Imagine that one day when you go to hail an Uber, you don’t find yourself scanning a sea of automobiles hoping to catch sight of your ride. Instead, traffic flows silently with mathematical precision, and your Uber appears in seconds by where you are on the sidewalk.

Now imagine driving through a congestion, litter, and pollution-free city, without a single cellular service blackspot. Unless you haven’t guessed yet, you are riding through a smart city. Or at least, that’s how the idea of smart cities like to market themselves.

What is a Smart City?

To some, a city where everything is automated sounds unsettling. However, smart city planners say that smart cities will transform city living in several beneficial ways.

l Smart cities will be healthier thanks to reduced pollution and real-time monitoring of city air quality.

- Cities of tomorrow will be safer, thanks to 24/7 real-time surveillance of all pedestrian areas.

- The efficiency of public transportation in smart cities will dispense with the need for private car ownership.

- Smart cities will have a lower impact on the environment, by being more energy efficient and by better managing city resources.

How Do Smart Cities work?

Even today in 2019, smart cities sound like something right out of an Isaac Asimov science fiction novel. This is especially true when future city planners mention how important AI will become in managing city resources and infrastructure. However, the technologies needed to make smart cities a reality already exist.

Smart Cities and the Upcoming 5G Revolution

Smart cities of the future will depend more on big data collection and real-time data analysis than they do robots. (At least, for now.)

In effect, a smart city is a city just like a city you might live in already. The only difference is that in a smart city, every object is connected to the Internet. This means that sensors and RFID technology are present in everything from automobiles to fast food packaging.

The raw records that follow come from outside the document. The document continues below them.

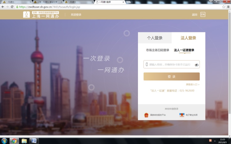 2.1使用“法人一证通”登录
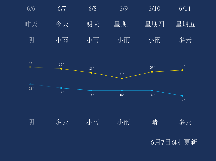 中国天气网讯 今天是6月7日星期一,一起来看天气。
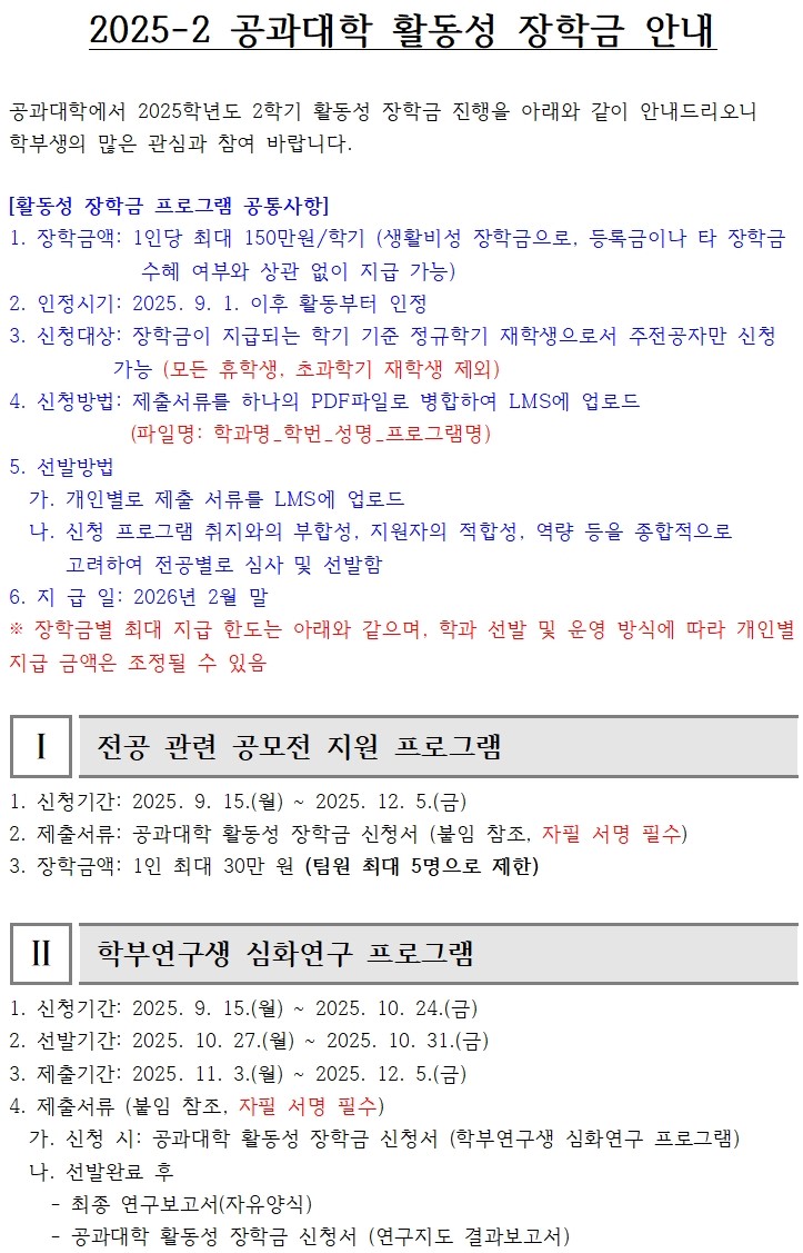 [교내 공지] 2025학년도 2학기 공과대학 활동성 장학금 신청 안내(25.10.21.수정)
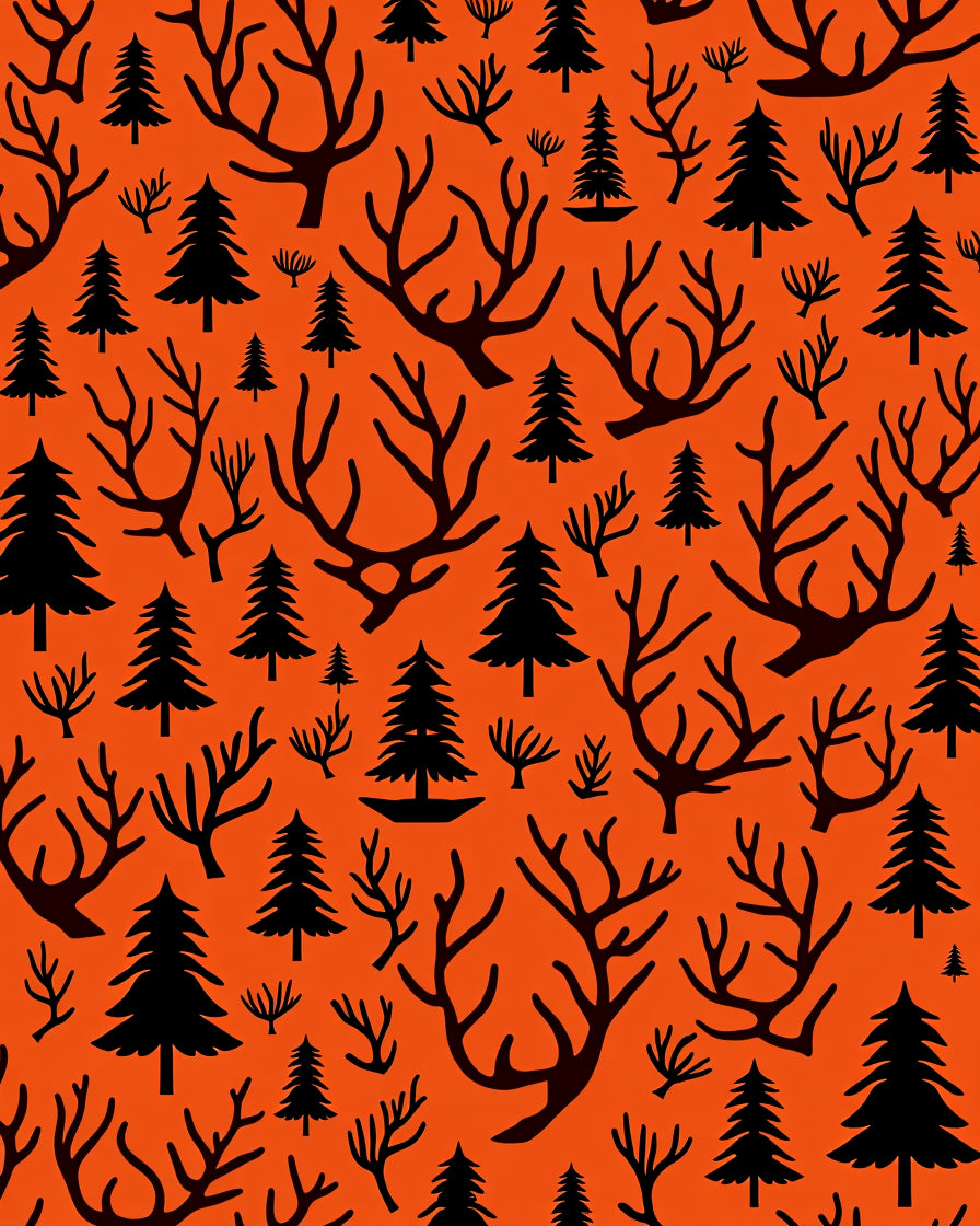 Reindeer Antler with Evergreen Tree Forest Scene(Orange)

As it stands, modern vehicles are already equipped with wifi and other sensors. Moreover, in places like Shenzhen in China, self-service grocery stores already exist, where groceries are tagged with nearly invisible RFID stickers. These prevent theft of stock and allow city officials to identify people who dispose of litter irresponsibly.

All that is needed to bring smart city technologies we already have online, is cellular and wifi networks which benefit from ubiquitous coverage. This is why many world governments are racing to roll out 5G next-generation cellular networks.

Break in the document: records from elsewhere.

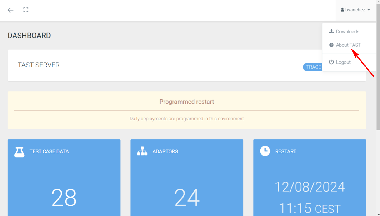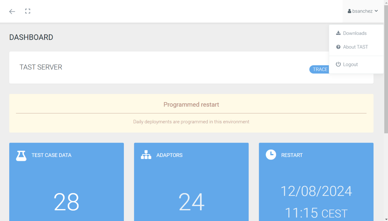 If we check the first option “Downloads”, we access to a new download screen where all the downloads that can be done from TAST are centralized and provided. As we can see in the image, there is a main menu on the left with the following categories:
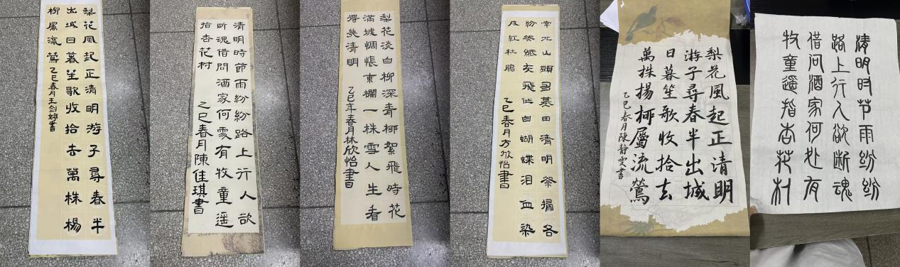 本次活动以清明节为主题,鼓励同学们创作或书写与清明相关的诗词作品。参赛者们倾注匠心,以墨传情——或楷书端庄,展现清明之肃穆;或行草飘逸,抒写春日之诗情。一幅幅作品笔力遒劲,墨韵悠长,既有对传统诗词的深刻诠释,又体现了师范生扎实的书法功底。
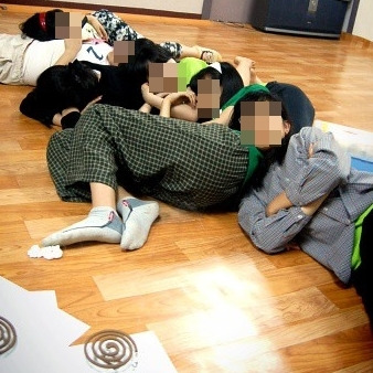 왼쪽은 마을잔치 초대장 만드는 모습, 오른쪽은 낮잠시간. 서로의 몸을 베고 잤다. 힘들 때도 벽에 기대는 대신 서로 등을 맞대고 기대고 있었다. 그게 농활의 규칙이었다. 너무 귀여운 얼굴들이지만 본인들은 원치 않을 수 있을 것 같아 모자이크를..
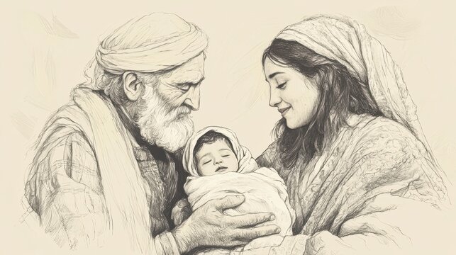 Biblical Illustration of The Birth of Samuel: Elkanah and Hannah Presenting Newborn Samuel to the Lord in Thanksgiving, Beige Background, Faith, Worship, Old Testament Story
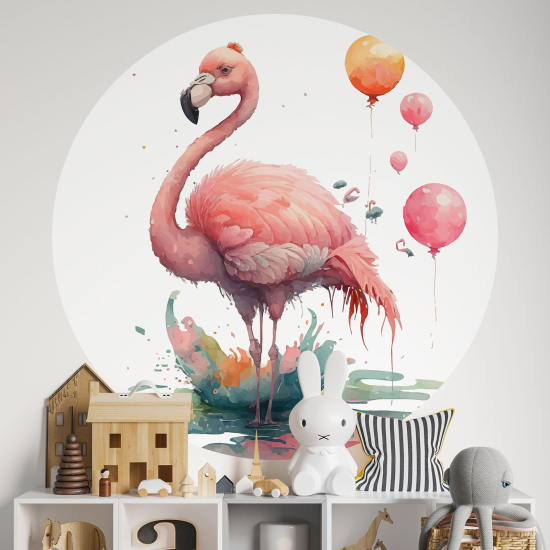Vinilo Adhesivo Decorativo Redondo para niños - Infantiles - Flamenco rosa

How Will Smart Cities Effect Everyday Livability?

Smart cities promise to exponentially improve quality of life in urban areas. Smarter management of city resources will reduce waste, and result in cleaner, greener living. Residents will also have improved access to healthcare services, as well as enjoy access to cashless 24/7 self-service supermarkets. However, some people are just as concerned about smart cities as others are excited.

In China, technologies similar to those used to manage smart city public transportation networks, are already used to limit the free movement of some individuals. By nature, smart cities also have to be surveillance cities. Interconnected smart sensors will, therefore, have the ability to track all city residents in real-time.

Because smart cities will track peoples movements and behavior, some argue that smart cities will signal an end to individual privacy as we know it. All that remains to be seen, is whether the health, wellness, and efficiency promises of smart cities, will counter privacy concerns in the long term.